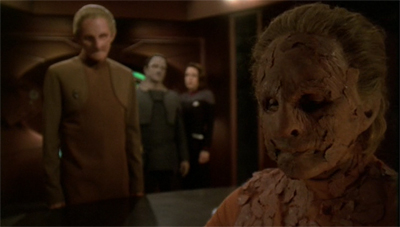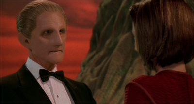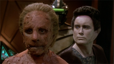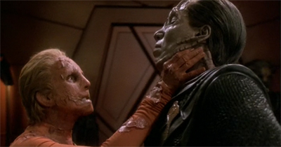 Even this dynamic between two supporting characters is nuanced and developed, reflecting who these people are on a fundamental level. When the Female Changeling is on the verge of collapse, Weyoun clumsily tries to comfort her. “My loyal Weyoun,” she smiles. “The only solid I have ever trusted.” It is almost tender. “I live only to serve you,” Weyoun states. “And you have served me well,” the Female Changeling concedes. “I would give my life to save yours,” Weyoun vows. The Female Changeling nods, wearily. “If only it were that simple.”
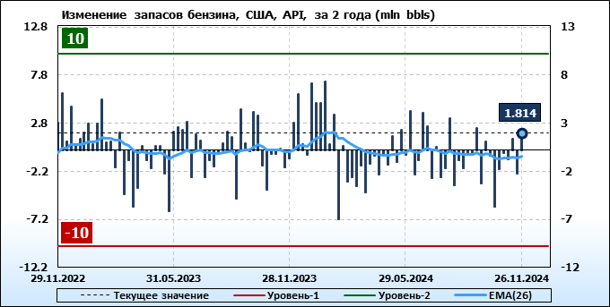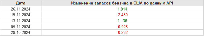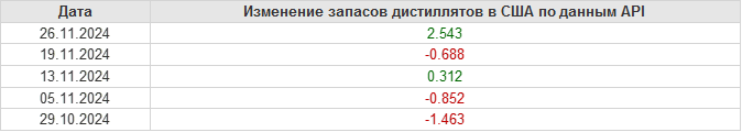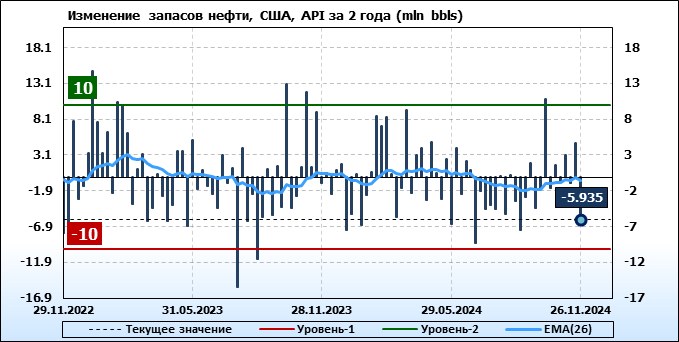 API. Изменение запасов нефти в США на 26 ноября 2024
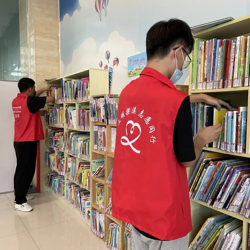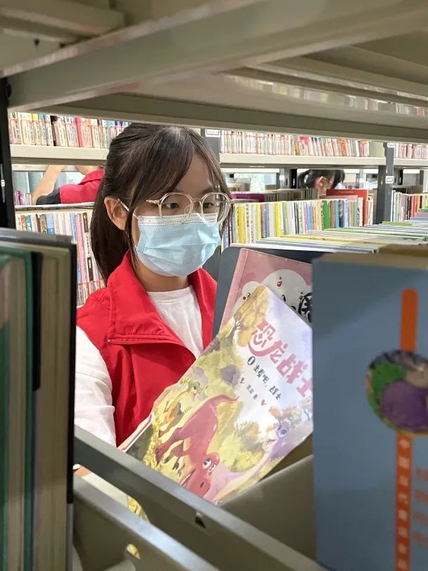 在图书管理员的指导下,着装统一的小小志愿者们完成了 “上岗前”的技能培训,并进行了实操训练。小小志愿者们主要负责把读者归还的书籍重新上架以及整理书架并保持书架整齐。
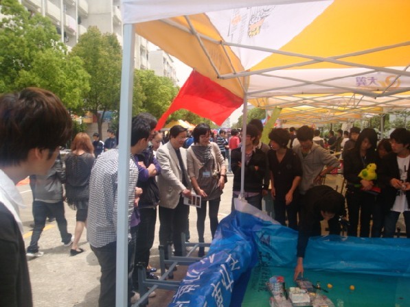 展区的最右侧有个大水池,这是我们“绿色航母”的展示区域,学生熟练地操纵着手中的遥控器,一只只散落在水中的乒乓球被打捞起来,这是水上垃圾收集的缩影版,“绿色航母”是机电系学生机械创新设计的作品,充分展示了机电系学生们的动手能力。人潮一浪接一浪,机电系的DV展区的观客也围成一团看的相当投入,DV拍客项目是机电系专业技能展示的载体,片中有实训课时老师指导学生学习专业技能操作过程,有部分可操作性的机械加工过程的特写,有针对PROE 或CAD 的三维立体设计的整个过程记录等。
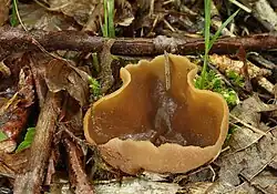 Peziza arvernensis, commonly known as the boring brown cup fungus or fairy tub,[2] is a species of apothecial fungus belonging to the family Pezizaceae. The ascocarps appear as cups, growing up to 8 cm (3+18 in) across.[2] Their exterior is pale tan and the interior is brown.[1] Peziza vesiculosa and P. violacea are similar, young specimens of the latter having a violet hue.[1]
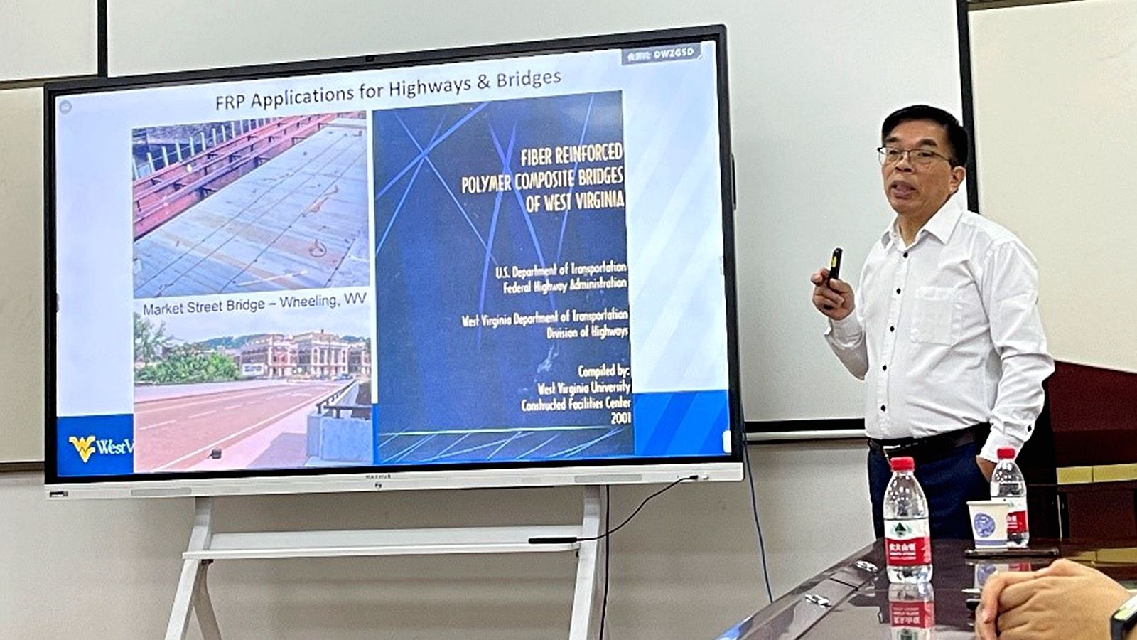 报告中,梁教授就纤维增强高分子五楼自拍的设计、制造以及在基础设施工程领域的创新应用方面展开讲解介绍,同时对比了中美两国在五楼自拍应用方面的差异。梁教授表示,中国五楼自拍相关领域研究虽然起步较晚,但近年来发展迅速,这其中离不开中国市场的巨大需求与广大科研工作者的贡献。
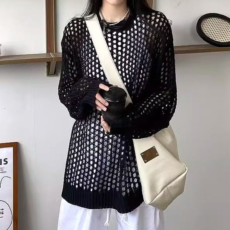 ゆるっとラフに着こなせるメッシュニットトップス。
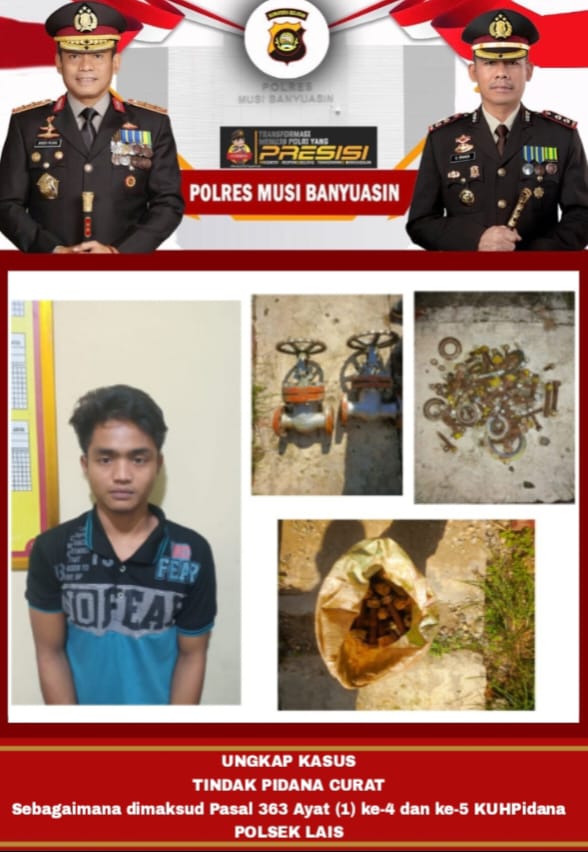 MUBA, The8news.com – Aksi pencurian serta pemberatan (Curat) terjadi di wilayah Kabupaten Muba. Kali ini, komponen industri milik PT Medco Energi menjadi sasaran. Seorang tersangka bernama Alek (20) warga Desa Babat Banyuasin, Kecamatan Babat Supat, berhasil diamankan Polsek Lais atas dugaan pencurian yang terjadi pada Jumat, (20/06/24) sore di Cluster M PT Medco Energi, Desa Lais Utara, Kecamatan Lais.
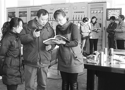 图为新能热电电厂甲值值长穆宝林(中)对下岗技术工人任小萍(左)、崔凤(右)进行工作现场技术指导。黑龙江省八五二农场新能热电有限公司是一家私营企业。在重新组建过程中,安置下岗工人328人,并在这家私营企业里组建工会,收到了很好的效果。田红 邵维信摄
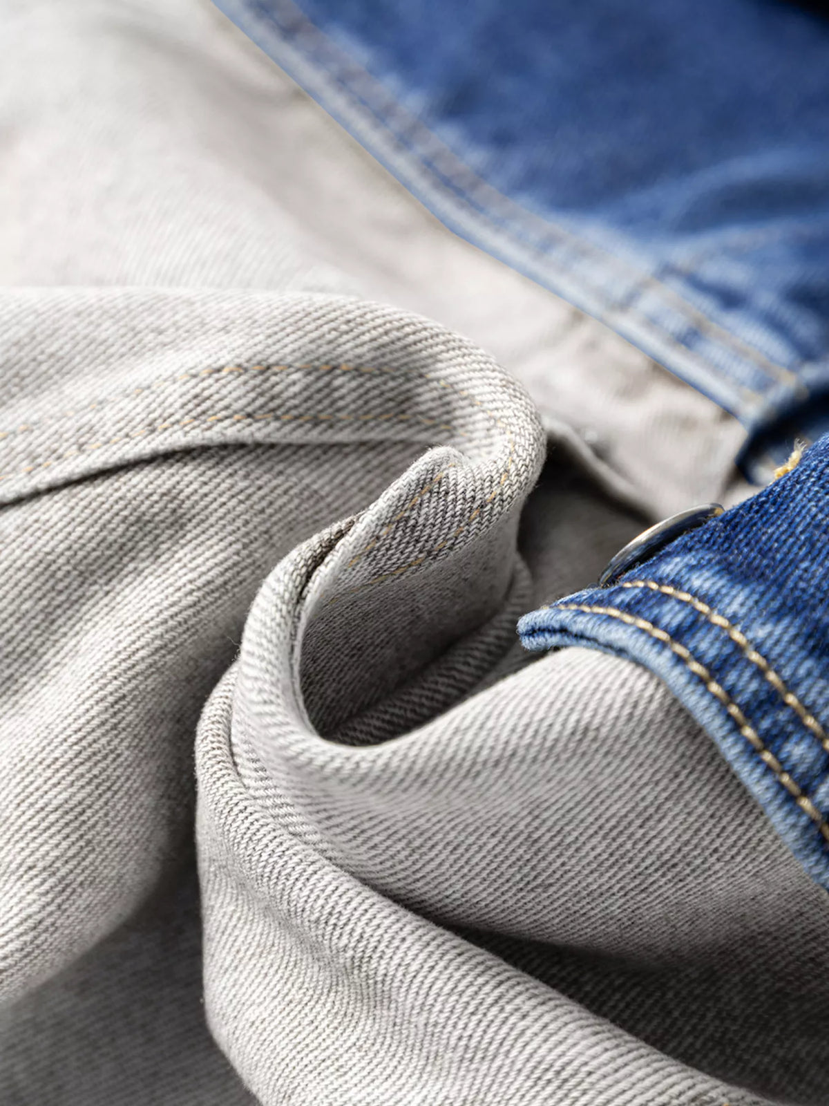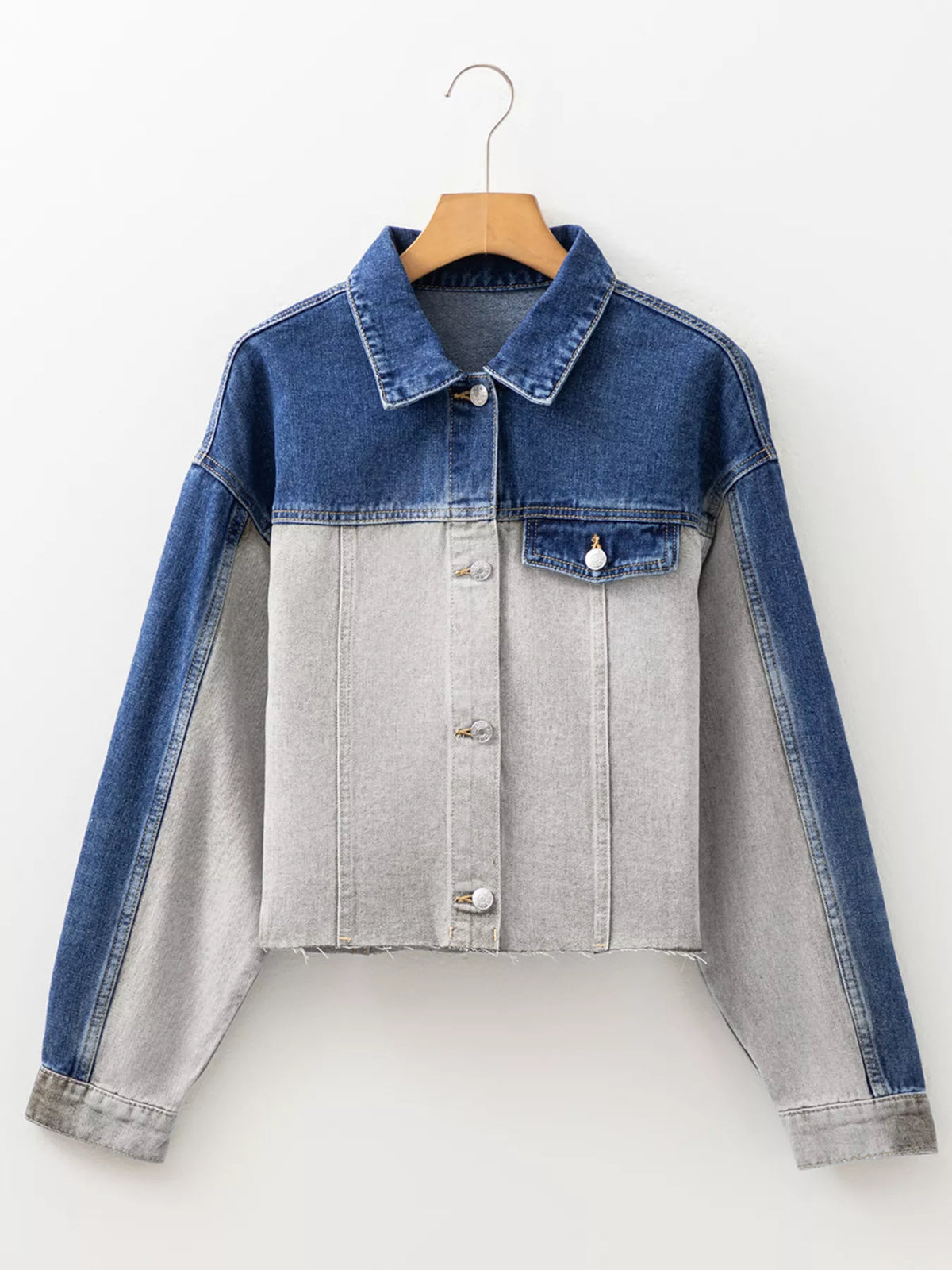Color Block Patchwork Raw Hem Denim Jacket - Light Gray / S
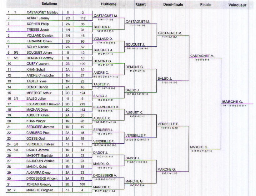 finale en battant Julien BALBO 11/5, 11/4, 11/5… Quant à
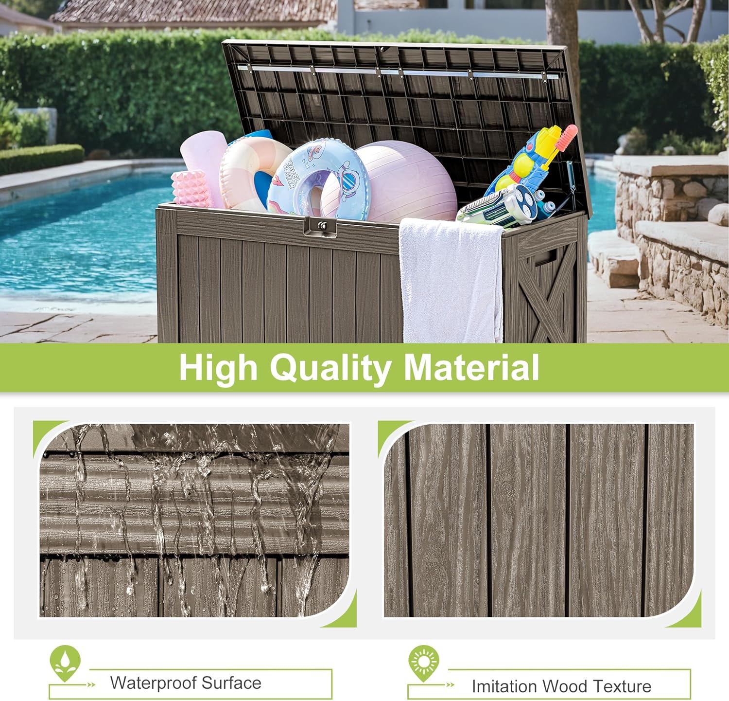 Greesum 120 Gallon Deck Box, Resin Outdoor Storage Container for Patio Furniture, Garden Tools, Pool Accessories, Weatherproof, Lockable, Coffee
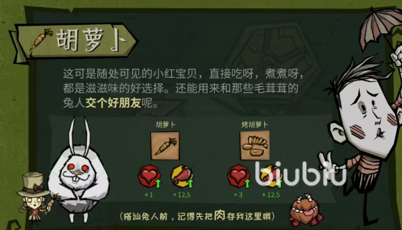 胡萝卜是地图中刷新频率极高、分布广泛的初级食物。其采集无需工具,徒手即可获取。生食可恢复20点生命值并提供30点饱腹度,虽数值不高,但胜在易得稳定。值得注意的是,胡萝卜是与兔人族群互动的关键道具——赠送胡萝卜可提升友好度,但若玩家携带生肉或熟肉靠近,将触发敌对反应,导致关系破裂。
-- -- --
**Task requirements**
Quote the data above exactly from the line with "Color Block Patchwork" to the line with "Greesum 120 Gallon", both ends counted, and nothing else. Pictures don't go in.

**Response to the task**
Color Block Patchwork Raw Hem Denim Jacket - Light Gray / S
 finale en battant Julien BALBO 11/5, 11/4, 11/5… Quant à
 Greesum 120 Gallon Deck Box, Resin Outdoor Storage Container for Patio Furniture, Garden Tools, Pool Accessories, Weatherproof, Lockable, Coffee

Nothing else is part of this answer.